I just wanted to share with you all how satisfied I've been with my CAAD10. Everytime I go out for a ride I instantly feel that effortless propelling of my strokes. I don't know if it's because I've finally been fitted and fitted properly with this purchase but, I can ride "for days". While pedaling I look down and get a kick out of thinking how solid that BB30 is. When I look at the front wheel while at speed, the black RS10's with red anodized nipples, gives me another grin. I wasn't too fond of getting the red frame with white lettering but it's grown on me. I now call it "My Ferrari". I can't count how many other cyclists on group rides compliment it. When I go to park it next to my Cannondale bbq black Lefty, it's like Beauty and The Beast. 
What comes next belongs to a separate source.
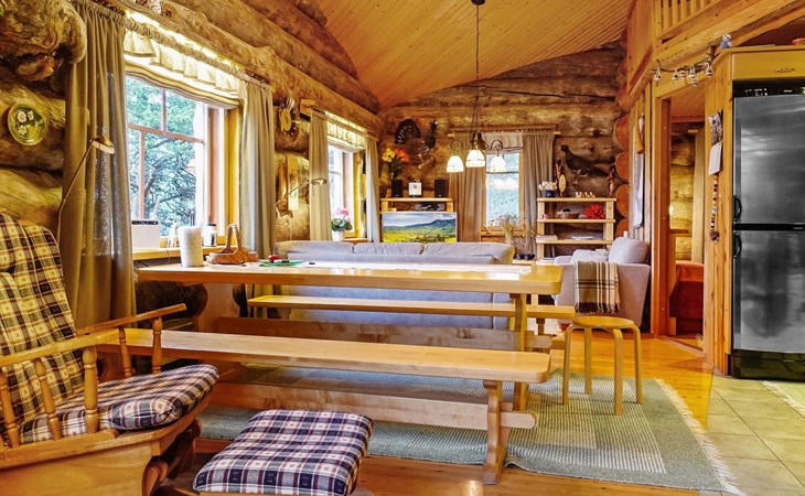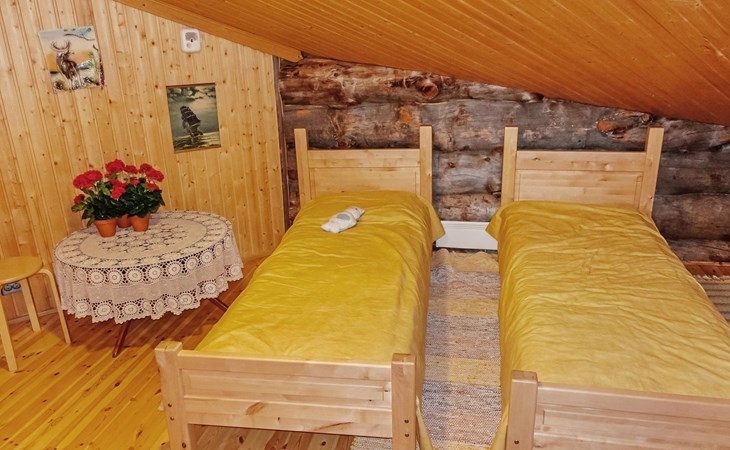 Maximal 1 Haustier/Hund erlaubt. 430 km nördlich von Rovaniemi, 110 km nordöstlich von Inari, See Nilijärvi 45 m (Länge 1.6 km, Breite 0.4 km), flacher Sandstrand mit Sandboden, Pier, eigenes Ruderboot. Blockvilla aus Keloholz, Baujahr 2000. Wohnküche, Schlafzimmer mit Doppelbett, Nische mit Doppelbett, Dachboden mit 4 Betten in zwei verschiedenen Abteilen, 2 zusätzliche Matratzen, Sauna, Waschraum/Wc, separates WC und verglaste Terrasse. Seesauna (24 m²), verfügbar von Anfang Juni bis Ende September. Sauna mit Holzofen, Waschraum (2 Duschen), fliessendes Wasser ist im Sommer aus dem See verfügbar (ansonsten muss das Wasser mit einem Eimer gebracht werden) und Kaminhütte. Ausstattung: elektrisches Licht, Kaminzimmer mit hellem Kamin, elektrische Heizung, 3 Betten und Küchenzeile mit Waschbecken, Kühlschrank und 2 Kochplatten. Nilimella ist eine prächtige Kelo-Blockvilla, in der Nähe des Sees Sevettijärvi. Es gibt ein paar benachbarte Häuser, sonst ist es ein ruhiger Ort. Dies ist ein ausgezeichneter Ausgangspunkt für Wildnisäktivitäten und Naturferien, im Nordosten Lapplands. Angeln: Der berühmte Lachsfischfluss Näätämöjoki ist 16 km entfernt (keine Strassenverbindung, 8 km zu Fuss). Im Sommer verkehrt ein fliegendes Taxi (Wasserflugzeug) von Sevettijärvi. Angelscheine und weitere Informationen: siehe das Ziel 1565 Näätämöjoki (www.eraluvat.fi). Das Ziel 1564 Inari Wilderness (Wildnis) umfasst grosse Gebiete mit Fischgewässern, in der Nähe des Hauses (www.eraluvat.fi). Das Angeln in Seen ist gegen eine Fischereimanagement-Gebühr gestattet. Eine Angelrute und ein Köder können benutzt werden. In Gebieten mit fliessendem Wasser ist das Angeln jedoch nicht gestattet. Weitere Informationen finden Sie unter www.eraluvat.fi. Sie können beim Eigentümer Transportdienst zu den Eisfischergewässern mit dem Schneemobil buchen. Jagd: Das Haus befindet sich in der Nähe des staatlichen Kleinwildjagdgebiets Vätsäri (nur Weidenhuhn). Siehe Ziel 1606 Vätsäri (www.eraluvat.fi). Das Ziel 1605 Näätämö ist vom Haus am nächsten, 5 km entfernt (www.eraluvat.fi). Die grosse Auswahl an Zielen bietet hervorragende Möglichkeiten für die Kleinwildjagd. Sevettijärvi ist das Zentrum des Skolt Sámi Erbe im Norden. Orthodoxe Kirche, Skolt Sámi historisches Haus und Handwerksausstellung (geöffnet im Sommer) 1.5 km. Näätämo und Grenzübergang nach Norwegen 35 km. Geschäfte und Tankstellen in Näätämö.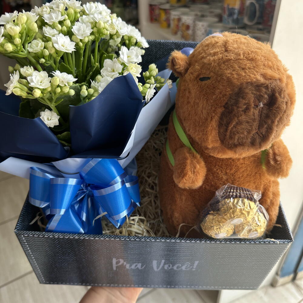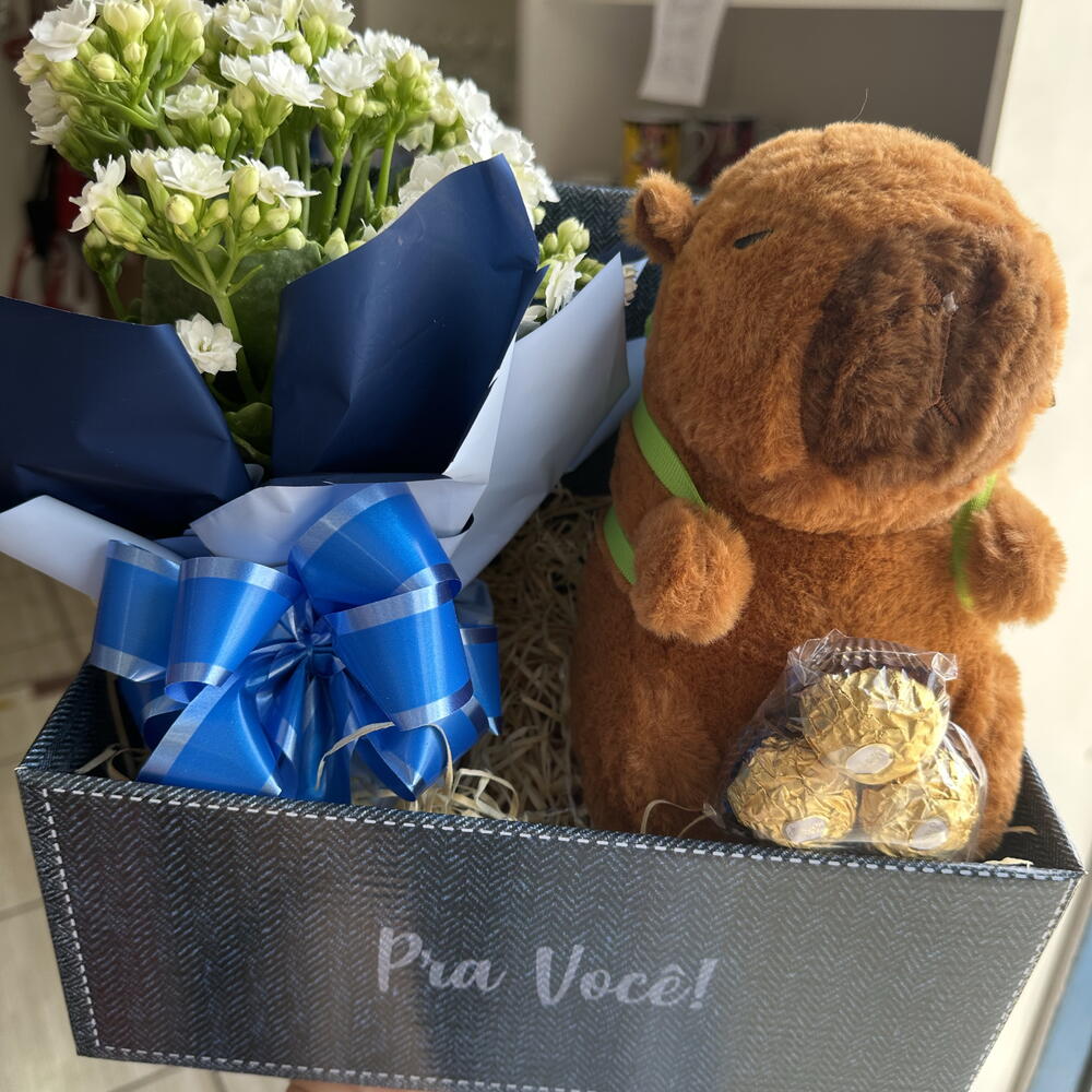 ferrero rocher - 3 un. celofane para acabamento - 1 un. caixa papelão decorada - 1 un. laço para decoração - 1 un. pelúcia capivara 25cm - 1 un.

I might have had similar feelings about the Giant when I got it 5 years ago but I had reasons for replacing it. The replacement is mostly due to my inexperience with fitment, lack of research, and buying from a shop that didn't fit me. I tinkered with different size stems, seat adjustments, handlebar tilting, and even adding an extension to elevate the stem to bring closer. At some point I thought the settings were right. I rode this way for 5 years. Now that I replaced it with the CAAD10, not only is the fitment correct but the aluminum has made a difference. To avoid a carbon vs aluminum debate, let me just say that I'm content with the switch to aluminum. 

I don't remember looking forward to a bike ride like I do now. I have been a Cannondale mtn bike owner since 95'. I'm now happy to be a road bike Cannondale owner.

Anyone out there with similar feelings or experience who have made the switch too?


----------



## ghost6 (Sep 4, 2009)

I switched from a high end Madone to a CAAD10. I ride 8k to 10k miles yearly and have had a few higher end carbon bikes. I prefer the CAAD to any of them.


----------



## tihsepa (Nov 27, 2008)

I just bought one. CAAD10 3. It is a great bike. The ride is really awesome. I cant believe how smooth it is.


----------



## Digger51 (May 12, 2006)

I am switching from a Giant OCR C3 to a BMC RM01 this week. The OCR was fine when I bought it, but it is not a responsive bike and I believe the BMC will be much more fun to ride.


----------



## CAADEL (Jul 23, 2011)

ghost6 said:


> I switched from a high end Madone to a CAAD10. I ride 8k to 10k miles yearly and have had a few higher end carbon bikes. I prefer the CAAD to any of them.


That's definitely interesting. Could you elaborate please? A high end Madone costs double than the CAAD10.


----------